I found it very hard to graduate from my high school.
Although it is small and everyone knows your business, it's kind of a comforting feeling. If someone has something to say to you, no doubt there will be a person that has your back.
The teachers and even the principal become your best friends. You can go to them for anything. The classes are fun, and the school becomes a home away from home.
My biggest fear was graduating and leaving all of these amazing things that it brought to me.
Well, I graduated, and now I'm on my next step--moving on and doing something with my life.
Of course, I'm going to college next year, community college, but the hard part is all my friends will be miles and miles away. I spend almost every waking moment with my friends, and in a month I will be by myself.

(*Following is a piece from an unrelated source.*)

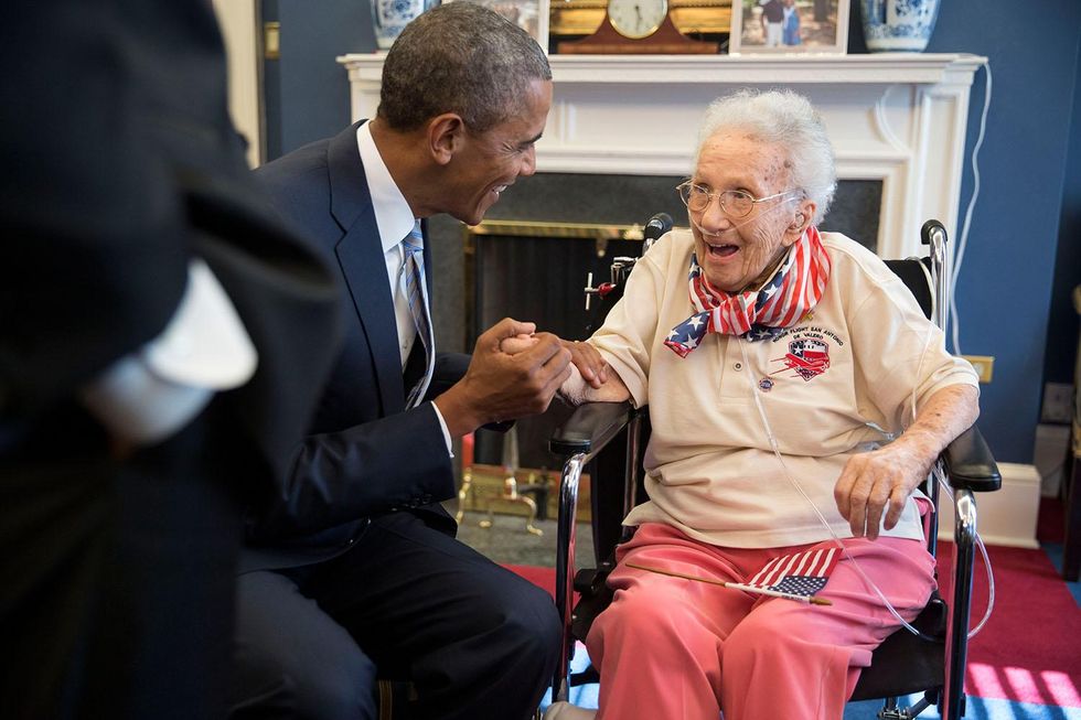 President Obama and Vice President Biden visit the oldest living female US veteran, who is 108 years old, Ms Coffey, 25 July 2014.

My quaint town full of best friends will be empty, with just me standing alone. It is time for me to venture off and make new friendships that will hopefully last a lifetime.
But how?
How can I move on from all of the amazing things this town has brought to me--including my best friends?
How do I start over?
I'm finding it hard to find myself and step away from the community of people that surround me. They all give you such comfort that you become very dependent on everyone around you.
I can't even go to CVS, which is two minutes from my house, alone, let alone go off to college and be by myself.
I've never been very independent; I've always relied on others to help me along the way and guide me. Of course, it is okay to get help, but now I have to find my own way.
I have to make decisions for myself.
I have to learn things on my own.
(And yes, I even have to go to CVS without anybody there with me.)
This won't be an easy thing to do. While I love my small town, I also wish that it was not as amazing as it is, then it wouldn't be so hard for me to leave.
I am ready to take this challenge and become my own person.
I am ready to move on and (hopefully) become as independent as I can.
I am ready to do whatever it is to become successful and do amazing things with my life.
If it wasn't for my small town, though, I probably wouldn't be as encouraged as I am. I know that no matter what, I can always come back to my small, loving town and be reminded of where I started.